SUPPLIED DATA:
-------

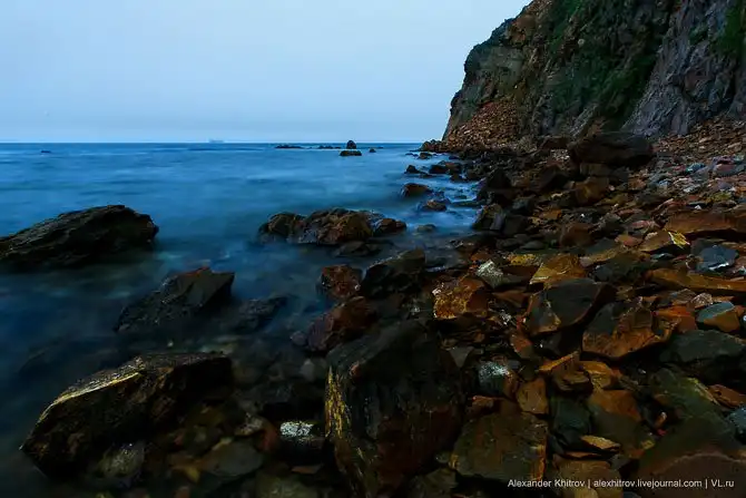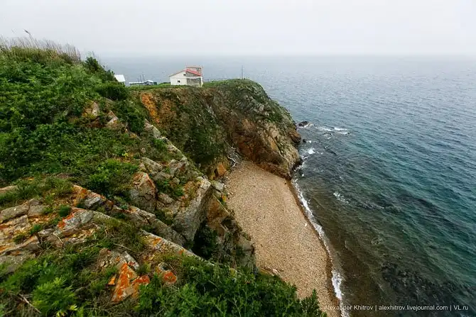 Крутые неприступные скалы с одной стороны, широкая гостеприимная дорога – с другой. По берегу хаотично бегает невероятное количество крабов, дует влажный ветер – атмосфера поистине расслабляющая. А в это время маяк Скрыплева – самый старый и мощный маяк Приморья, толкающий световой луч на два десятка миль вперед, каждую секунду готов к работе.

-------

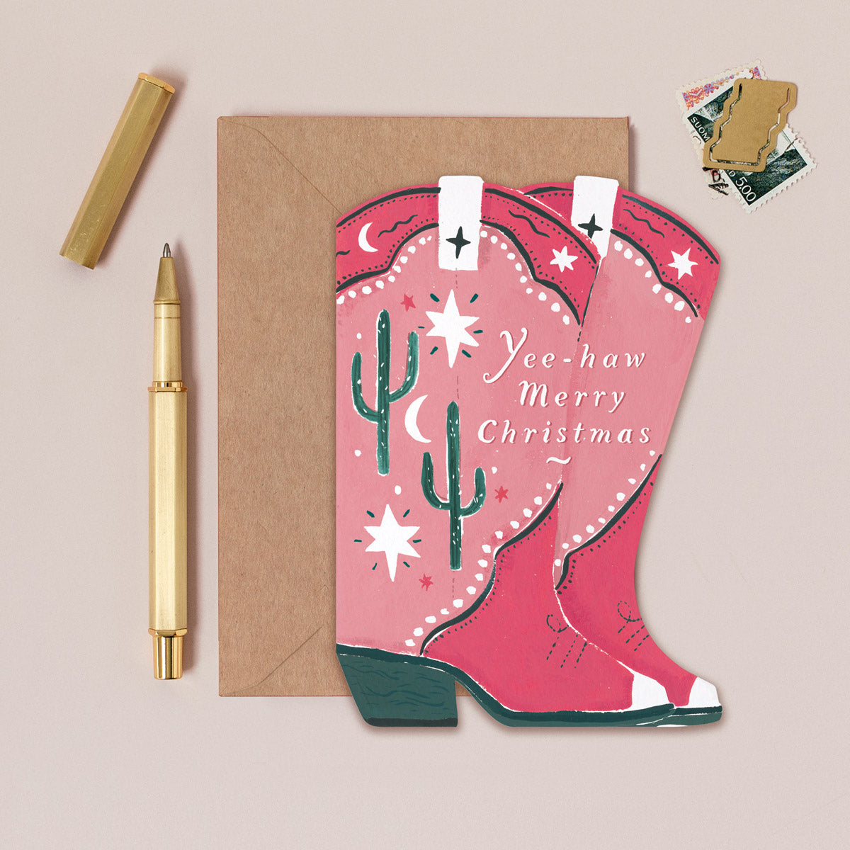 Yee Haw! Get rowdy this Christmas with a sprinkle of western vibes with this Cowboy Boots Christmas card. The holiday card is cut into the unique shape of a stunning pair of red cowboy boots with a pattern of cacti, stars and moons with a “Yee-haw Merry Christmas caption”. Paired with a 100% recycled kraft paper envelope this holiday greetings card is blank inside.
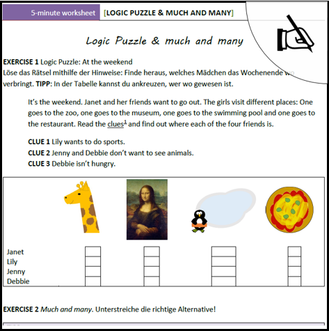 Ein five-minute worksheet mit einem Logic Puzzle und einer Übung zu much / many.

-------

EXERCISE OBJECTIVE: Here the job is to copy the stretch of records from the line containing "Yee Haw! Get" through the line containing "Ein five-minute worksheet", word for word. Leave every picture out.

PROBLEM SOLUTION:
 Yee Haw! Get rowdy this Christmas with a sprinkle of western vibes with this Cowboy Boots Christmas card. The holiday card is cut into the unique shape of a stunning pair of red cowboy boots with a pattern of cacti, stars and moons with a “Yee-haw Merry Christmas caption”. Paired with a 100% recycled kraft paper envelope this holiday greetings card is blank inside.
 Ein five-minute worksheet mit einem Logic Puzzle und einer Übung zu much / many.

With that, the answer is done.